Structure: Mandible long, simple, apically pointed. Malar space larger near acetabulum (condyle nearly touching ventral margin of eye). Labrum with apical margin subcarinate, weakly pointed midapically; disc of labrum with central denticle. Pedicel partly enclosed by scape. Flagellar segments excluding F10 subequal, each segment gradually decreasing in length moving apically; F10 longer than more basal segments, about a third longer than F9. Interantennal area with strong longitudinal carina extending posteriorly to midpoint of frons, gradually decreasing in height posteriorly. Preoccipital margin weakly carinate, especially on gena. Pronotal collar in dorsal view with apical margin not distinctly carinate, weakly concave, length at midpoint about 0.3 OD, length laterally about 1.0 OD. Malus with long apical spine distinctly separated from vellum by notch; apical spine with row of small teeth on ventral margin. Hind tibia with small but distinct triangular process on posterior corner of outer apical margin. Hind tibial spurs nearly straight, with outer spur about a fifth shorter than inner. Forewing with three submarginal cells.

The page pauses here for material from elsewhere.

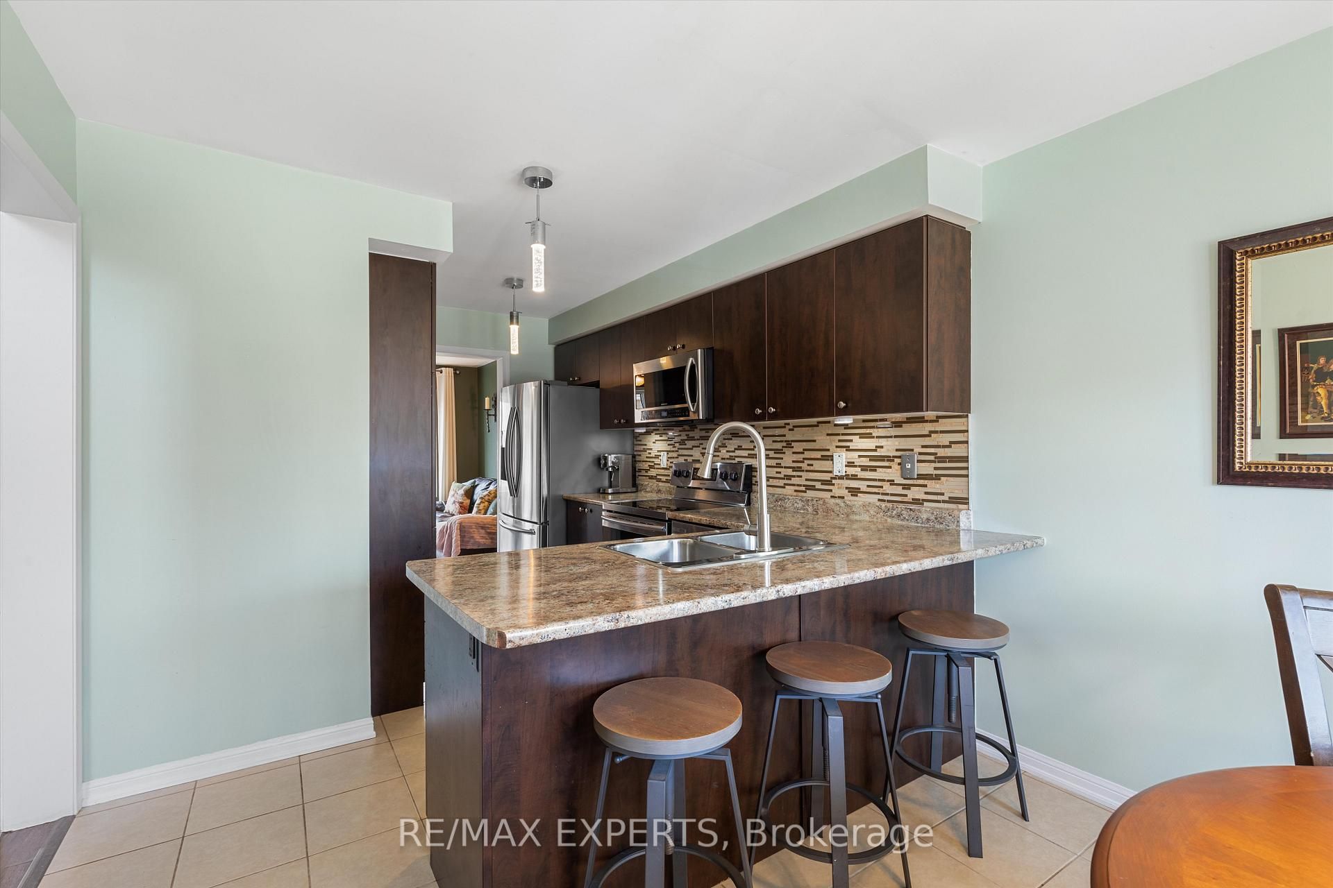 • Functional kitchen with stainless steel appliances and breakfast bar.

Molecular results. We obtained DNA barcode data from one male specimen and one female specimen of N. fragariae collected in Calvert Co., Maryland (Table 1). The sequence divergence between these specimens was only 0.3%. These nearly identical sequences provide further evidence that these are different genders of the same species. The description of the female provided herein is based on the specimen included in the molecular analysis.

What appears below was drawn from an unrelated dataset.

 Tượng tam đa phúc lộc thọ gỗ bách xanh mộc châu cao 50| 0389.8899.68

Variation. In the males, the yellow maculation on T1 varies widely from uninterrupted to constricted to completely interrupted medially. Most individuals have uninterrupted transverse yellow maculations on the remaining metasomal terga; however, in a few individuals the maculation on T2 is constricted medially and, in a few, completely interrupted. All the examined males have a thin, lateral border of yellow on the otherwise black mesoscutum (Fig. 8), although in a few specimens the yellow border does not extend to the anterior margin. The amount of yellow on the posterior surface of the propodeum varies from none to the diagnostic pattern mentioned in the Diagnosis section. Females did not demonstrate any significant variation in structure or color. We examined one male specimen from Talbot County, Maryland that appeared to be a specimen of N. fragariae except that the scutum was largely red and the yellow maculations were much greater in extent than in other known specimens of N. fragariae.

Distribution. Nomada fragariae is known from eastern seaboard states, from Georgia north to the coastal plain of Maryland.

Material examined. 63 specimens were examined from MD, NC, GA (Appendix).

Comments. This is the first description of the female of this species for which we are aware. Nomada fragariae is truly an uncommon species; given its unique morphology, surely the female would have been noticed by past taxonomists had they had specimens before them. Hosts have not been mentioned in the past and we have not gathered direct evidence either; however, most of the specimens from Calvert Co., Maryland, came from a month-long project run by taxonomists studying parasitic Hymenoptera at the U. S. Department of Agriculture who were investigating color preferences in bowl traps for various wasp groups. One of us (SD) looked at the approximately 8600 bee specimens collected in Calvert Co., and the only Andrena species whose phenology came close to matching that of N. fragariae were A. confederata Viereck and A. violae Robertson. Andrena confederata was the only common large species of Andrena present on the site (with 18 specimens recorded in total). Andrena violae is of moderate size and very common in Mid-Atlantic lawns and fields where violets are present. It would appear unlikely that A. violae was the host, as presumably many more specimens of N. fragariae would have been captured throughout its range if this were the case. Andrena confederata is uncommon throughout its range and has a largely southern distribution, which fairly well matches the distribution of the known specimens of N. fragariae. Andrena confederata is also known from the Midwest but it appears to be even less common there, and we are not aware of any N. fragariae specimens captured from that region.